The progress of the human and other genome projects shows the
opportunity provided by a complete genomic sequence to increase the
efficiency of traditional molecular biology. Use of computer-aided and
fully automated genome sequence analysis tools allows novel feature
discovery as well as the direction of hypothesis driven experiments.

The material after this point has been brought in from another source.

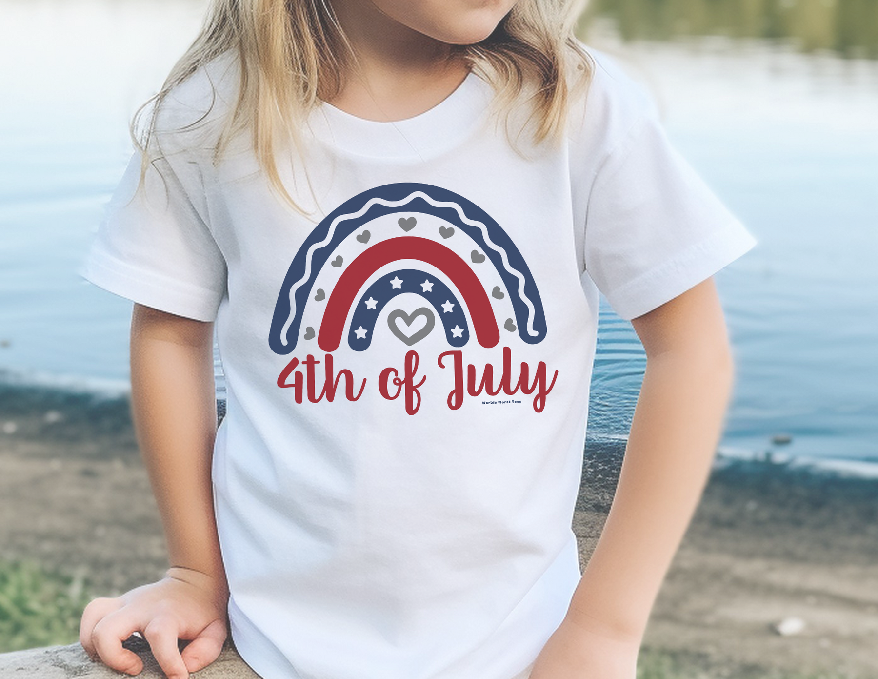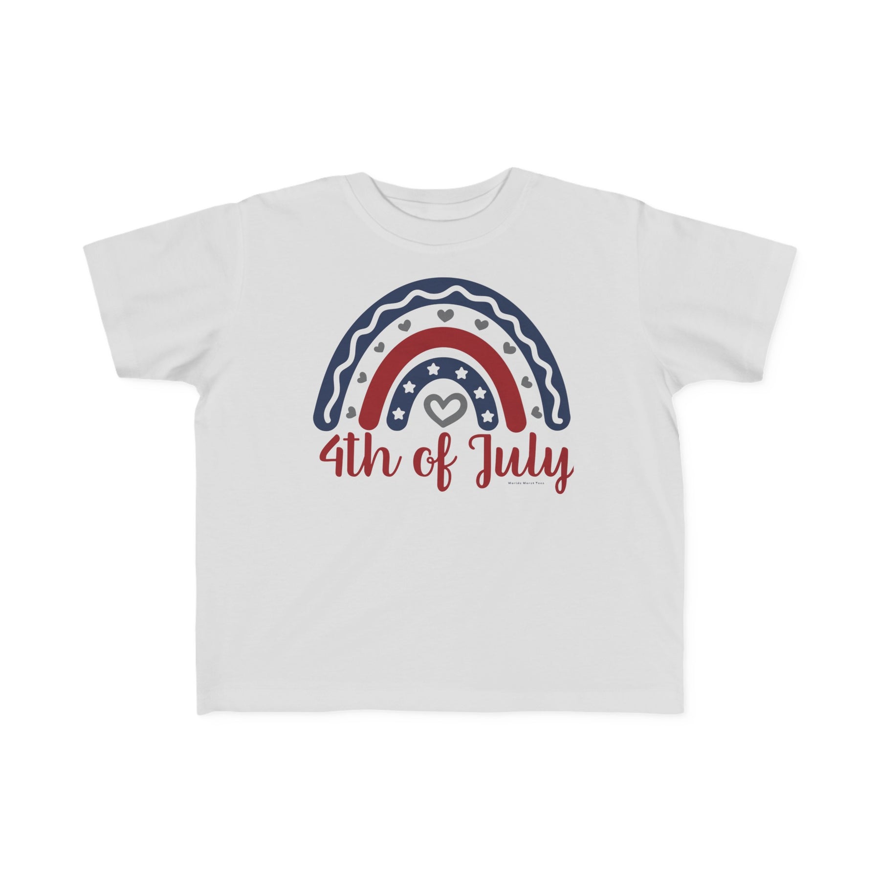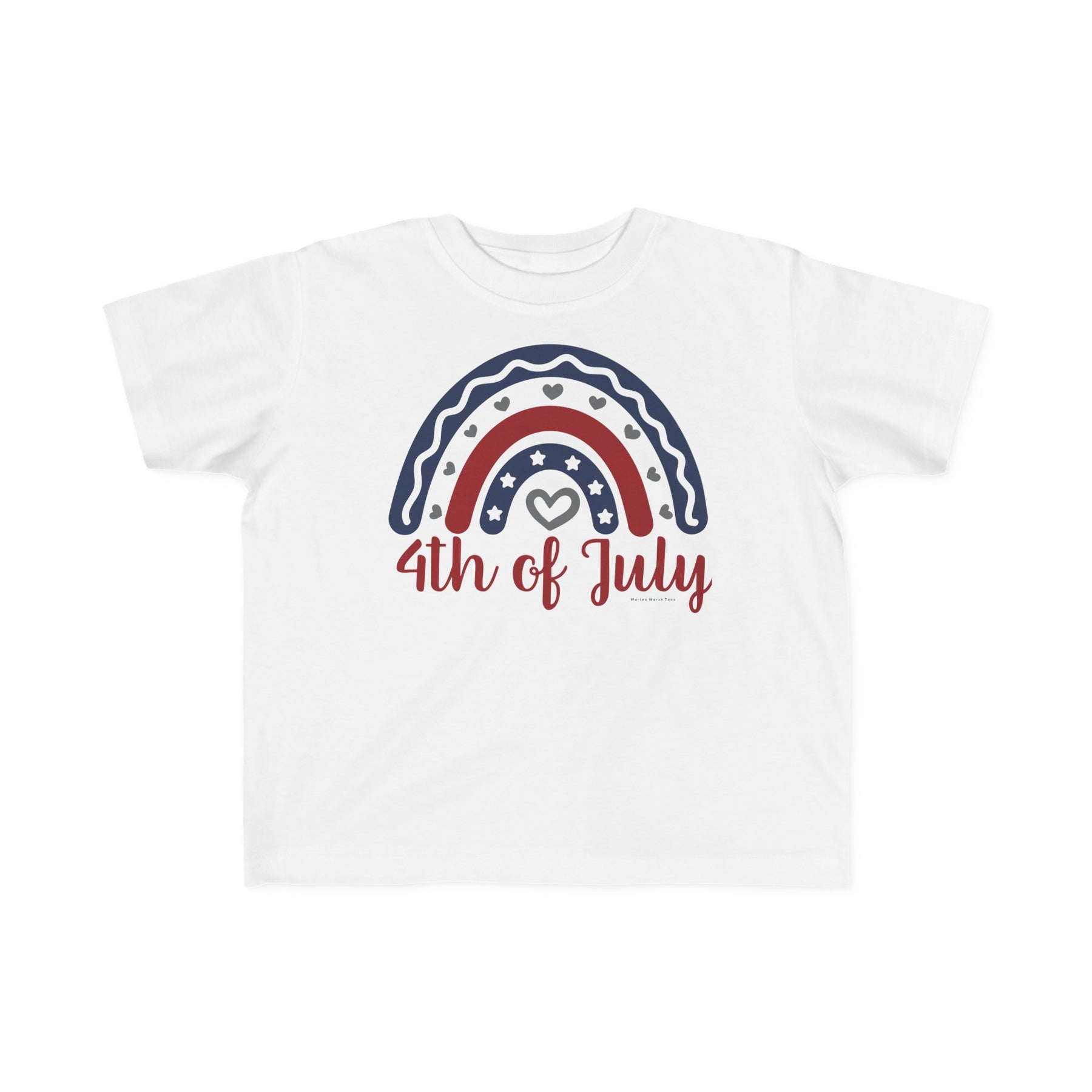 A classic fit 4th of July Toddler Tee in white, featuring a rainbow design with stars and hearts. Made of 100% combed ringspun cotton, light fabric, tear-away label, and true-to-size fit. Sizes: 2T, 3T, 4T, 5-6T.

We have sequenced the genome of Trypanosoma cruzi as part of a
three-centre collaboration, and provided an extensive annotation that
identifies biologically interesting features. To this end we have used
available informatics tools where possible, and developed some new
programs. Focus was on integrating current molecular biology knowledge
in large scale analyses, and arriving at experimentally testable
hypotheses. To produce a biologically interesting annotation, we
collaborated with experts in several areas to investigate the gene
content of T. cruzi, and that of two other trypanosomatid parasites,
Trypanosoma brucei and Leishmania major.
I will describe a program for gene-finding and annotation that
we constructed for the annotation of the genome. The discovery of a
global base skew feature in the genomes will also be presented. The
genome project of Trypanosoma cruzi will be outlined, highlighting
the genome content of surface molecules, kinases and RNA recognition
motif proteins. Furthermore, two related feature identification studies
will be discussed. First, a bioinformatic model of trans splicing in
Trypanosoma brucei, and the application of it at the genome level, and
second, we apply this trans splice model to predict message boundaries
in Trypanosoma cruzi. Based on these predictions, we find that
upstream open reading frames are common. We hypothesise that these
generally repress translation.
Finally, I will briefly sketch my part in the current collaboration
on the var-gene expression of the apicomplexan parasite Plasmodium
falciparum and the relation the var-genes to the rosetting of red
blood cells and severity of malaria in Ugandan children.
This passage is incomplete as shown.